# INPUT DATA
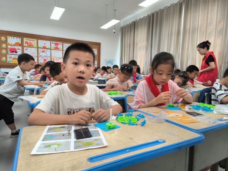 在了解了基本原理后,活动进入了最令人兴奋的实践环节。同学们在科协工作人员、学校老师及志愿者的耐心指导和协助下,兴致勃勃地开始组装属于自己的“太阳能旋转飞椅”。从辨认零件、连接电路到固定结构,每一个步骤都充满了探索与合作的乐趣。当一件件作品在阳光下成功旋转起来时,现场爆发出阵阵欢呼与掌声,成功的喜悦洋溢在每一位“小科学家”的脸上。
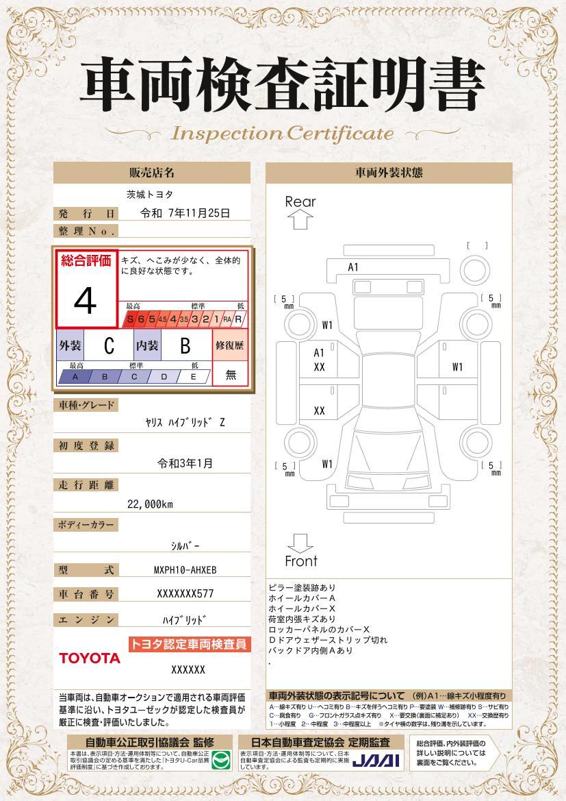 車両保証(ヤリス ハイブリッドZ:茨城トヨタ自動車(株) 土浦店)
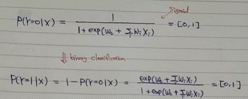 우리에게 X라는 input 데이터가 주어 졌을 때, Y가 0 또는 1을 구분 짓는 binary classification을 한다고 가정해보겠습니다. X가 주어졌을 때 Y가 0이 될 확률을 "P(Y=0|X)"와 같이 표현할 수 있고, 이것을 sigmoid function을 이용해 구체적인 (확률) 값으로 표현한다면 아래 이미지의 수식을 이용하게 됩니다. 또한, 'binary clasfication'이기 때문에 P(Y=1|X)인 경우의 확률 값을 "1-P(Y=0|X)"라고 표현 할 수 있게 되죠.

# HOW TO COMPLETE THIS TASK
Across all the lines above, repeat the wording exactly and omit the pictures.

# TASK OUTPUT
 在了解了基本原理后,活动进入了最令人兴奋的实践环节。同学们在科协工作人员、学校老师及志愿者的耐心指导和协助下,兴致勃勃地开始组装属于自己的“太阳能旋转飞椅”。从辨认零件、连接电路到固定结构,每一个步骤都充满了探索与合作的乐趣。当一件件作品在阳光下成功旋转起来时,现场爆发出阵阵欢呼与掌声,成功的喜悦洋溢在每一位“小科学家”的脸上。
 車両保証(ヤリス ハイブリッドZ:茨城トヨタ自動車(株) 土浦店)
 우리에게 X라는 input 데이터가 주어 졌을 때, Y가 0 또는 1을 구분 짓는 binary classification을 한다고 가정해보겠습니다. X가 주어졌을 때 Y가 0이 될 확률을 "P(Y=0|X)"와 같이 표현할 수 있고, 이것을 sigmoid function을 이용해 구체적인 (확률) 값으로 표현한다면 아래 이미지의 수식을 이용하게 됩니다. 또한, 'binary clasfication'이기 때문에 P(Y=1|X)인 경우의 확률 값을 "1-P(Y=0|X)"라고 표현 할 수 있게 되죠.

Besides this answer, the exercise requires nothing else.